With the pictures left out, write out exactly the lines of the listing below that run from the line with "Комплект из 2" through the line with "Слайд 29Сахарная свекла".

▶ **Excerpted data**
● ● ● ● ●
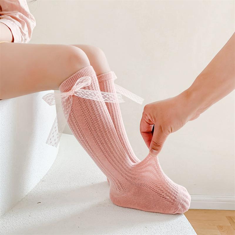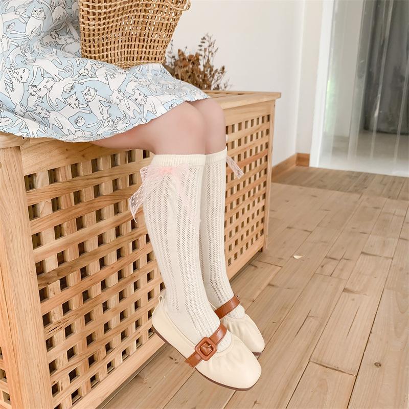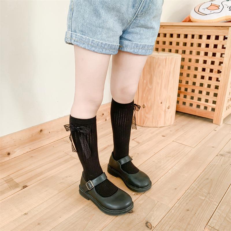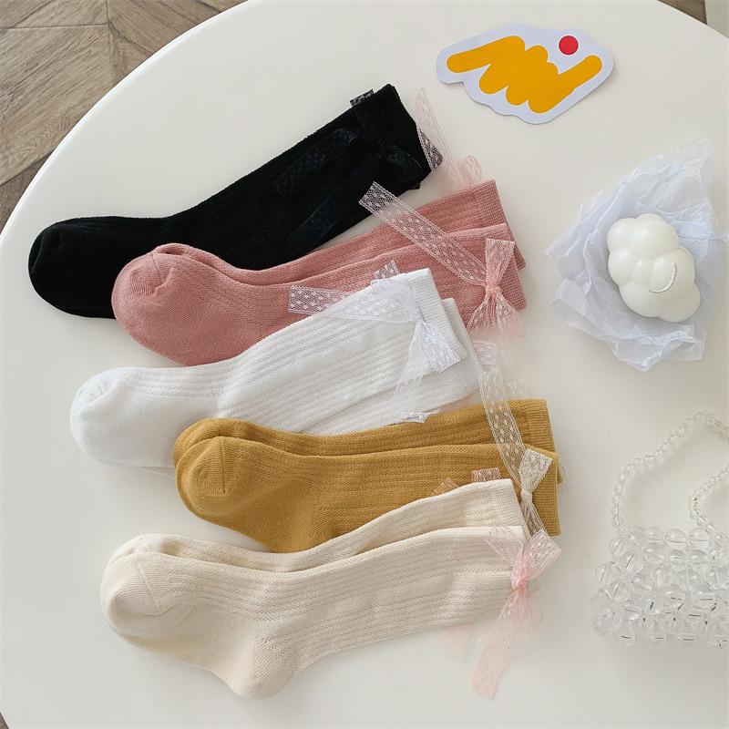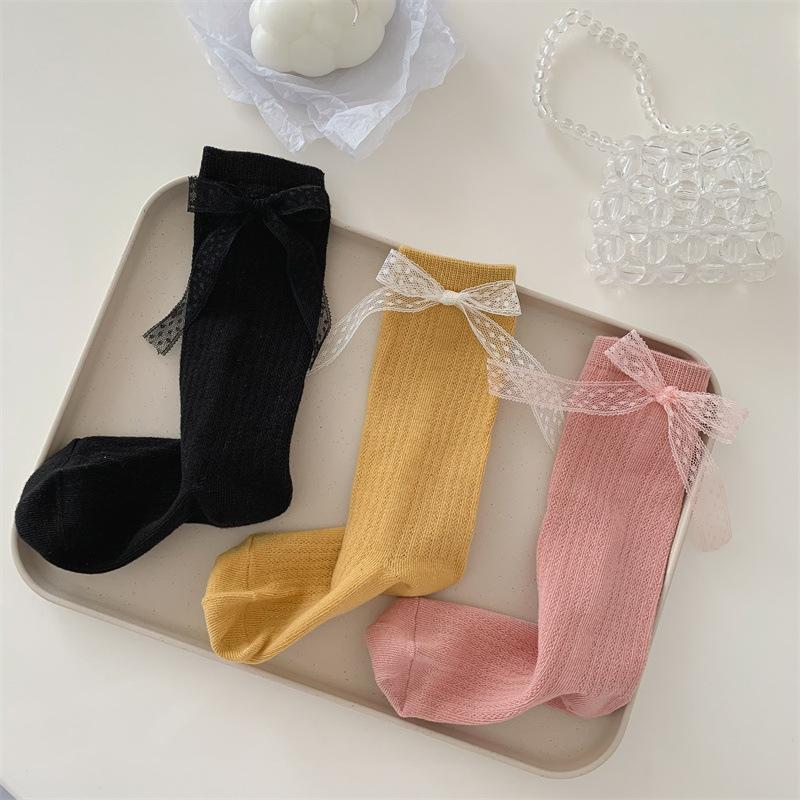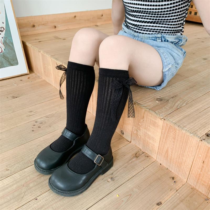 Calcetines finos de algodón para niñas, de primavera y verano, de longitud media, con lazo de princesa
● ● ● ● ●
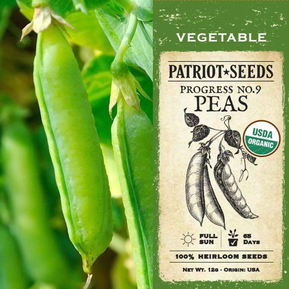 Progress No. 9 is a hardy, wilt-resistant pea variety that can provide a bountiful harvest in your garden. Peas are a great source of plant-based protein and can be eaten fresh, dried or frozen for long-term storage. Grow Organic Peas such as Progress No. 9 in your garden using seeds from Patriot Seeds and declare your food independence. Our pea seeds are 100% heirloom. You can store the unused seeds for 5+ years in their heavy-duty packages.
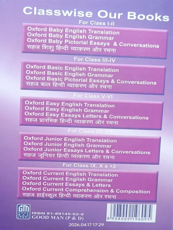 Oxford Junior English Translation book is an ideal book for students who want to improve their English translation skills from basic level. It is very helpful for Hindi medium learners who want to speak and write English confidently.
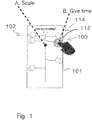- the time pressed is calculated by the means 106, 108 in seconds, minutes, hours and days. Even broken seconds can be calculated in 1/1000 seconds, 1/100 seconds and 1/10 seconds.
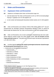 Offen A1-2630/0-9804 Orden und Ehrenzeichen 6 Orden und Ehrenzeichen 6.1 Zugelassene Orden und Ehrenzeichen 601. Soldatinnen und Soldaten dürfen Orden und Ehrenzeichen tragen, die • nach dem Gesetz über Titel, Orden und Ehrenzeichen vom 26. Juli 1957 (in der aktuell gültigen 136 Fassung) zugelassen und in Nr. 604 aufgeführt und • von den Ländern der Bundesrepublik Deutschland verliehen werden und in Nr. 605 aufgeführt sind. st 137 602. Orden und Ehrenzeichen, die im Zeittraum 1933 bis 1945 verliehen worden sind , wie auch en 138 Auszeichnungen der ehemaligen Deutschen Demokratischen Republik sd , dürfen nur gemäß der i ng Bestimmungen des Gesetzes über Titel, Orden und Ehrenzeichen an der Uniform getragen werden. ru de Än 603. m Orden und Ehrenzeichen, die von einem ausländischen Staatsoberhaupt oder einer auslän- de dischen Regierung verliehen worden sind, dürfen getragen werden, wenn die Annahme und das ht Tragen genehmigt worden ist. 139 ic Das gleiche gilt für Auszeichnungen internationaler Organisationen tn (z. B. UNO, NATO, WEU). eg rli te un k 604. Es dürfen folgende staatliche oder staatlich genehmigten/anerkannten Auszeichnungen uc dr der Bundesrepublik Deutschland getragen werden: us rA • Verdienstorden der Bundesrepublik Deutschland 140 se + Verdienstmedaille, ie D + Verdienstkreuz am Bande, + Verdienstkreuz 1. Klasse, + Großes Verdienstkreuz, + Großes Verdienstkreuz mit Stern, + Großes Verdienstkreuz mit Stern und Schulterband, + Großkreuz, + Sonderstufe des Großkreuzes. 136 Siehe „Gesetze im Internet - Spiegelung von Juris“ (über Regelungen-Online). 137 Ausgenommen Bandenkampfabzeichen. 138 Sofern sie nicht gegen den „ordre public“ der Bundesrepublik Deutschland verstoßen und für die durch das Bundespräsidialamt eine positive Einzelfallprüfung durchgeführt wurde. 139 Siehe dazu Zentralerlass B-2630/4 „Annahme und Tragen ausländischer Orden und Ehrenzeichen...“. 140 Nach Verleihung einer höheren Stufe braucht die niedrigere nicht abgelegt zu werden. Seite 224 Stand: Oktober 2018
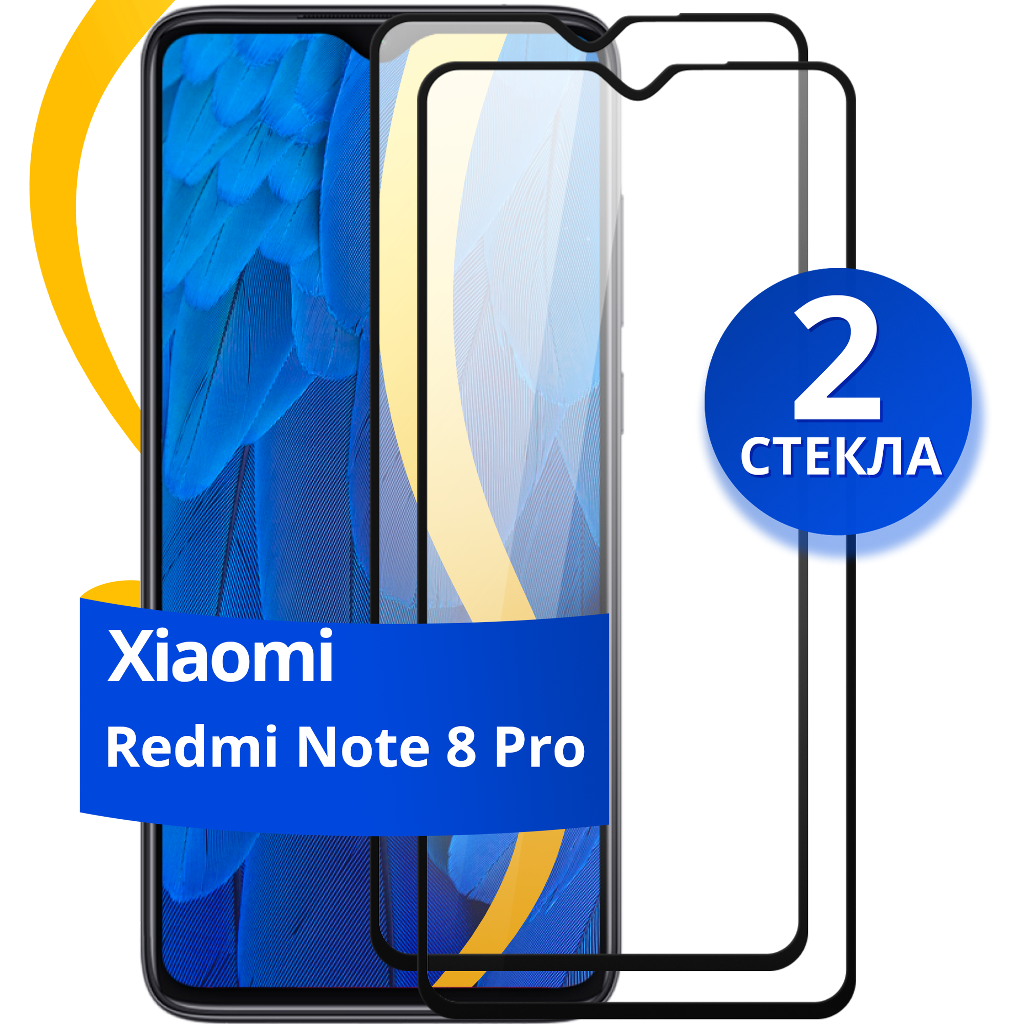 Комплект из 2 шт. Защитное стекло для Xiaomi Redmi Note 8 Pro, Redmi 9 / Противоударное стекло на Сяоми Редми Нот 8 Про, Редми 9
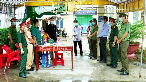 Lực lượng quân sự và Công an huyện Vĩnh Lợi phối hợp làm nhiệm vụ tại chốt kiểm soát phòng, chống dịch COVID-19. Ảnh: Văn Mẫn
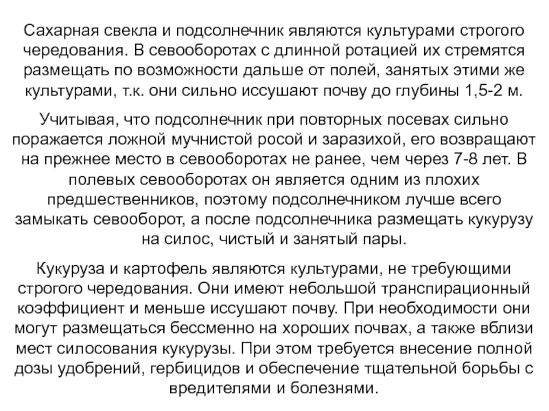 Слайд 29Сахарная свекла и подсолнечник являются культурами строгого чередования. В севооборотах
● ● ● ● ●
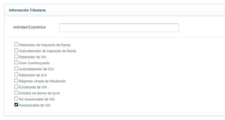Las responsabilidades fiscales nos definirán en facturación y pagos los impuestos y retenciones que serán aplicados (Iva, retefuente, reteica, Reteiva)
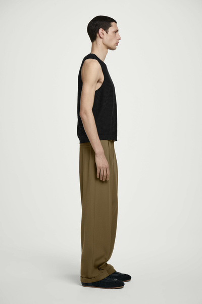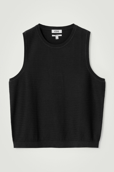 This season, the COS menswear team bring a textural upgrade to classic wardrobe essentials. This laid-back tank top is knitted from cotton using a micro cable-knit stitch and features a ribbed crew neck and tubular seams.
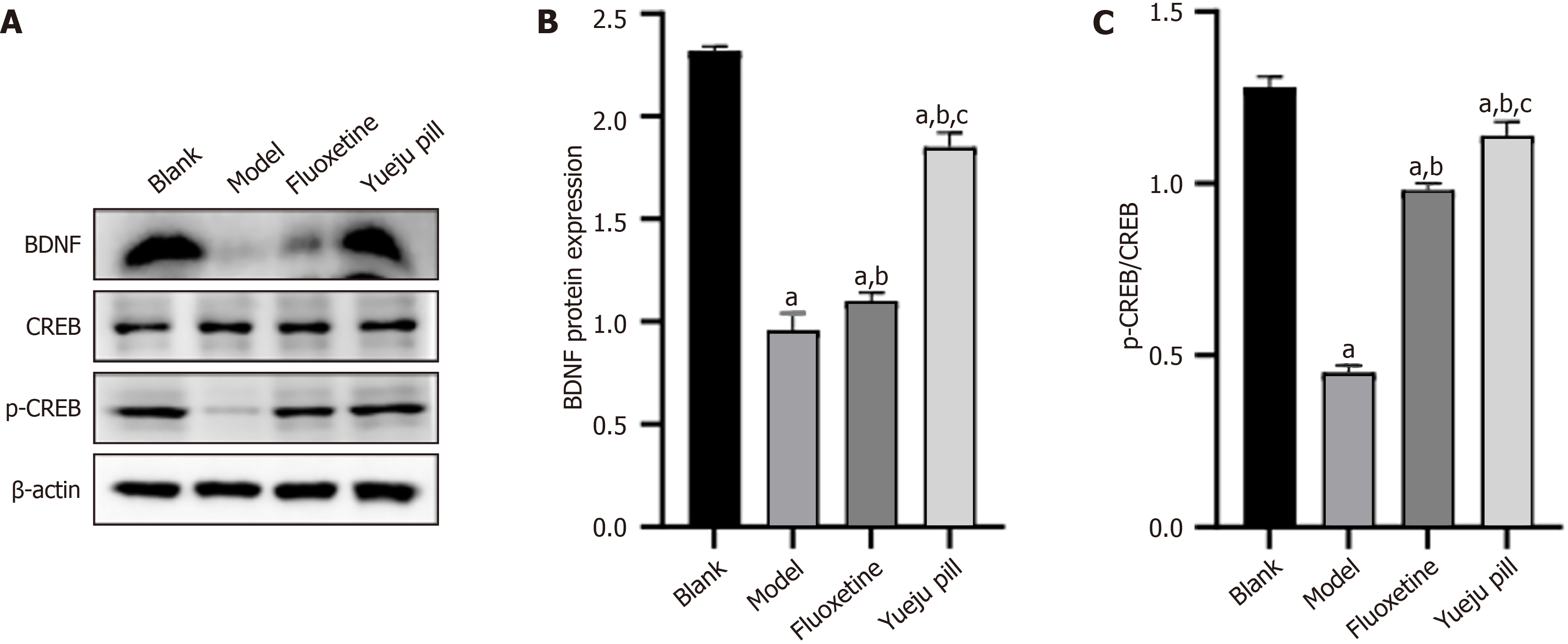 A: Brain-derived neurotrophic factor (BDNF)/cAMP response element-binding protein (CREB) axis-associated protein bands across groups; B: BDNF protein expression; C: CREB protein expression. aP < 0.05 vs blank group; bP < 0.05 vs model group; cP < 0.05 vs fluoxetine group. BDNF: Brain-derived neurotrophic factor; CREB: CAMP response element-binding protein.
● ● ● ● ●
▶ **Exercise result**
 Комплект из 2 шт. Защитное стекло для Xiaomi Redmi Note 8 Pro, Redmi 9 / Противоударное стекло на Сяоми Редми Нот 8 Про, Редми 9
 Lực lượng quân sự và Công an huyện Vĩnh Lợi phối hợp làm nhiệm vụ tại chốt kiểm soát phòng, chống dịch COVID-19. Ảnh: Văn Mẫn
 Слайд 29Сахарная свекла и подсолнечник являются культурами строгого чередования. В севооборотах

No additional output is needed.